After graduating in 1973 with a B.A. in English Literature from Catholic University in Washington, DC she began working as a secretary at the Washington Star, and was later promoted to reporter. In 1981 when the newspaper went out of business she took a job at Time magazine. After two years there she left and began working at The New York Times initially as a metropolitan reporter.

In 1995 she took the place of Anna Quindlen who went to work at Newsweek, and both sometimes write on feminist issues. She is generally considered a liberal and an opponent of President George W. Bush, although she has also been critical of Bill Clinton. Her columns often display a marked irreverence (criticized as a lack of seriousness), for example referring to Donald Rumsfeld as "Rummy". An arch-nemesis to conservatives, her work has been described (http://www.nationalreview.com/goldberg/goldberg200411081212.asp) as "hit(ting) your desk like a bucket of vomit with some Body Shop potpourri sprinkled across the surface". Nonetheless, she seems quite close to former NY Times opinion writer, and conservative icon, William Safire.

Dowd's critics, especially James Taranto, have often accused her of editing quotes and adding ellipses so as to change the quotes' intended meanings; the word dowdify has been coined to describe this habit.
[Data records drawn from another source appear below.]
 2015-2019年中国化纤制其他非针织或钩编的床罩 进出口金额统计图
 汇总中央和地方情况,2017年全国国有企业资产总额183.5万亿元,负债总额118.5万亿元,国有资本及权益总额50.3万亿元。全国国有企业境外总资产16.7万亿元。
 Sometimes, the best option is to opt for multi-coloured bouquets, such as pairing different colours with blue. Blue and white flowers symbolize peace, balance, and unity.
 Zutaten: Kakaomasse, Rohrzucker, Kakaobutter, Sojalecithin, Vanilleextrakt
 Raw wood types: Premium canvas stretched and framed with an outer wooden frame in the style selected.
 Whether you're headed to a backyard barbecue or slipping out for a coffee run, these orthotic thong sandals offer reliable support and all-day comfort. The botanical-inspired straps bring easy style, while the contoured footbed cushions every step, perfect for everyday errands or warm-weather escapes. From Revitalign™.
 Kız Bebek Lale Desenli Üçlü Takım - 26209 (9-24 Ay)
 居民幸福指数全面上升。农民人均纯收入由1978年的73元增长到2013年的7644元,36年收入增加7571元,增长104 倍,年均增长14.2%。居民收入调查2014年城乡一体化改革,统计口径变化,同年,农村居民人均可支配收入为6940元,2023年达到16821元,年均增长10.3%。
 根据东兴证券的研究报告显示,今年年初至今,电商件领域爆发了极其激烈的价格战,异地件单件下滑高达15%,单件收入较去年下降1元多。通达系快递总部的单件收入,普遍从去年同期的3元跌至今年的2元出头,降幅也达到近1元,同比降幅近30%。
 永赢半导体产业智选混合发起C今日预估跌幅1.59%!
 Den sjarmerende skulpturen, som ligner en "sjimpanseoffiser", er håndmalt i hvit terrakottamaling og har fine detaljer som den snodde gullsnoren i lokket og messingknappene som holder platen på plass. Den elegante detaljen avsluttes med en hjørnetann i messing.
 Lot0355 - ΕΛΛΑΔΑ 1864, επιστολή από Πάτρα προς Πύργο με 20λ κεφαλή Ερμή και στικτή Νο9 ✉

The word has become common parlance among journalists and bloggers, regardless of political persuasion, to describe any wilful misinterpretation of a quote. Conservative pundit Isaiah Z. Sterrett has compared her to Norma Desmond.

Dowd is the author of the 2004 book Bushworld: Enter at Your Own Risk.

Dowd has recently criticized the ascension of Benedict XVI to the papacy, citing his opposition to legalized abortion and his other conservative policies.